Comment #21 by bearophile_hugs — 2013-06-08T15:15:10Z
Fortran has a built in sum() that supports a second useful optional argument, that specifies the dimension along to compute the sum, it's useful for 2D or nD arrays: ke = 0.5d0 * dot_product(mass, sum(v ** 2, dim=1)) See: http://gcc.gnu.org/onlinedocs/gfortran/SUM.html
Comment #22 by andrei — 2013-06-08T15:24:12Z
Time to merge the pull request that's rotting in there...
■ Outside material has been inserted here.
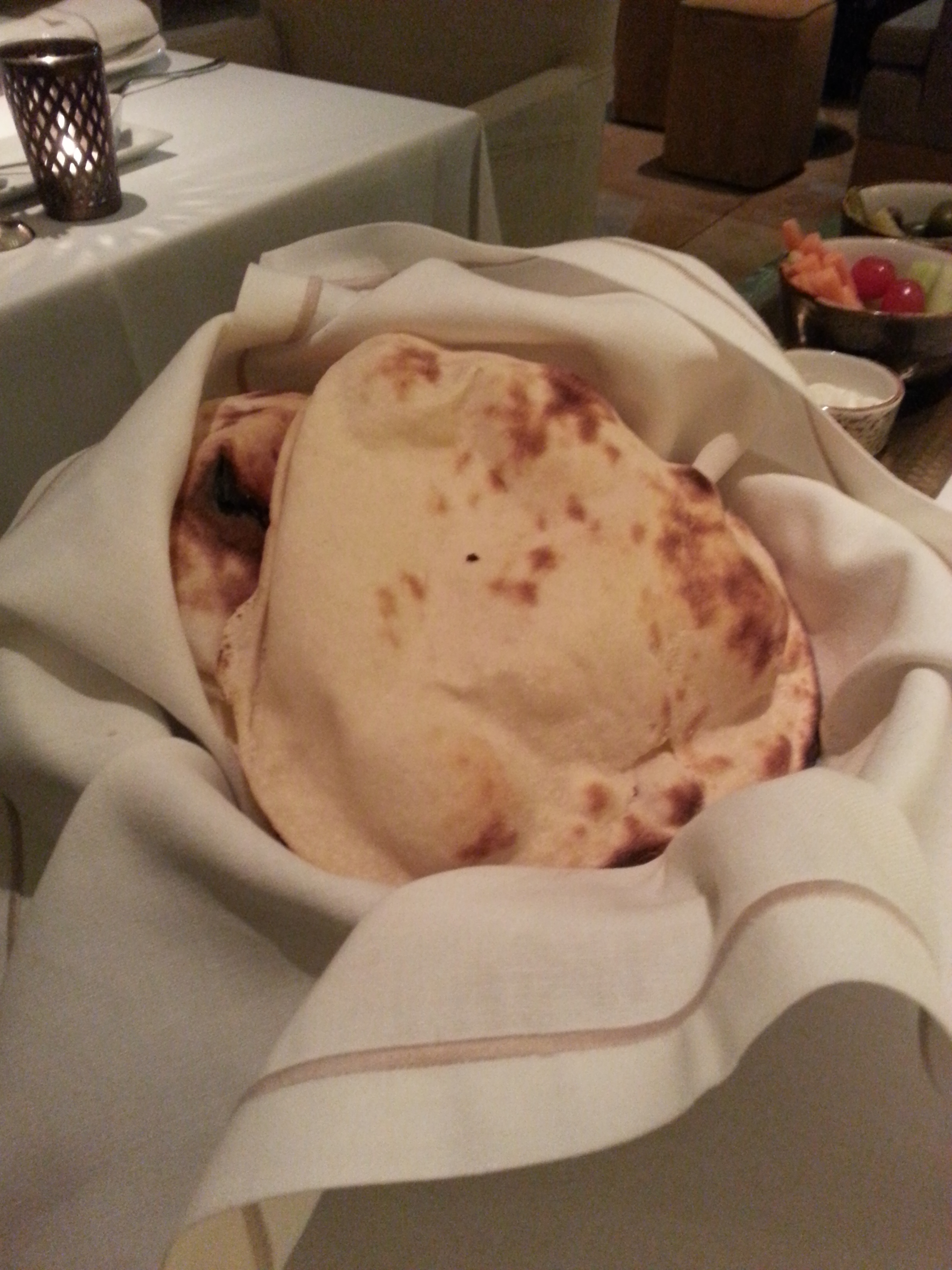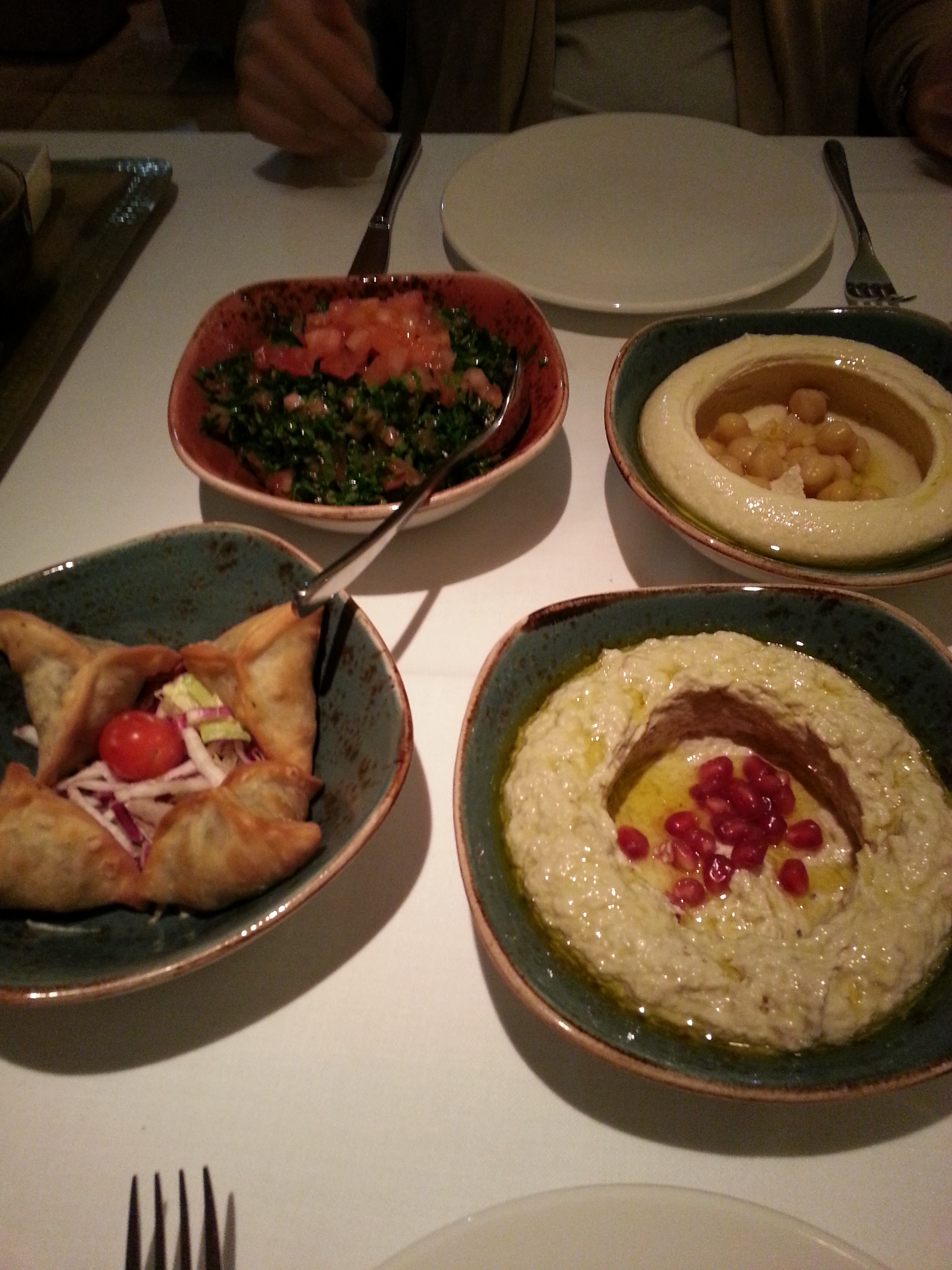 La verdad es que los entrantes estaban realmente buenos. El que más nos gustó fue el mouttabal. Sabor a berenjena, parrilla y el toque fresco de la granada. El hommous también estupendo y la próxima vez lo pediremos acompañados de cordero.

Comment #23 by github-bugzilla — 2014-02-14T23:20:08Z
Comment #24 by bearophile_hugs — 2014-02-15T01:44:42Z
See Issue 12169
Comment #25 by bearophile_hugs — 2014-02-15T01:48:32Z
See Issue 12170 for another problem
Comment #26 by bearophile_hugs — 2014-02-15T01:53:08Z
See also Issue 12171
Comment #27 by bearophile_hugs — 2014-02-15T02:01:58Z
Another problem is in Issue 12172
Comment #28 by bearophile_hugs — 2014-02-15T02:35:00Z
See also Issue 12173
Comment #29 by bearophile_hugs — 2014-02-15T02:46:55Z
Probably not related: Issue 12174
Comment #30 by bearophile_hugs — 2014-02-15T02:53:59Z
See also Issue 12175
Comment #31 by bearophile_hugs — 2014-02-15T03:12:07Z
See also Issue 12176
Comment #32 by bearophile_hugs — 2014-02-25T14:30:48Z
The main request is now addressed. There are numerous enhancements/bugs related, but they all have their own issue number. Ready to close? Currently sum is not listed in this page: http://dlang.org/phobos/std_algorithm.html
Comment #33 by andrei — 2014-02-25T15:16:08Z
Yah. For the record, this sux :o).
Comment #34 by blah38621 — 2014-08-18T23:35:20Z
I'll assume that the fact that the only version of sum that this supported is an array specialized version is one of the known issues?
Comment #35 by andrei — 2014-08-18T23:38:37Z
sum should work with all ranges, and get specialized only for specific kinds of ranges. Is that not the case?
Comment #36 by blah38621 — 2014-08-18T23:43:42Z
Ack, woops, sorry, was thinking of the wrong function, it was max that I had an issue with, as it didn't work when I chained it after a map!().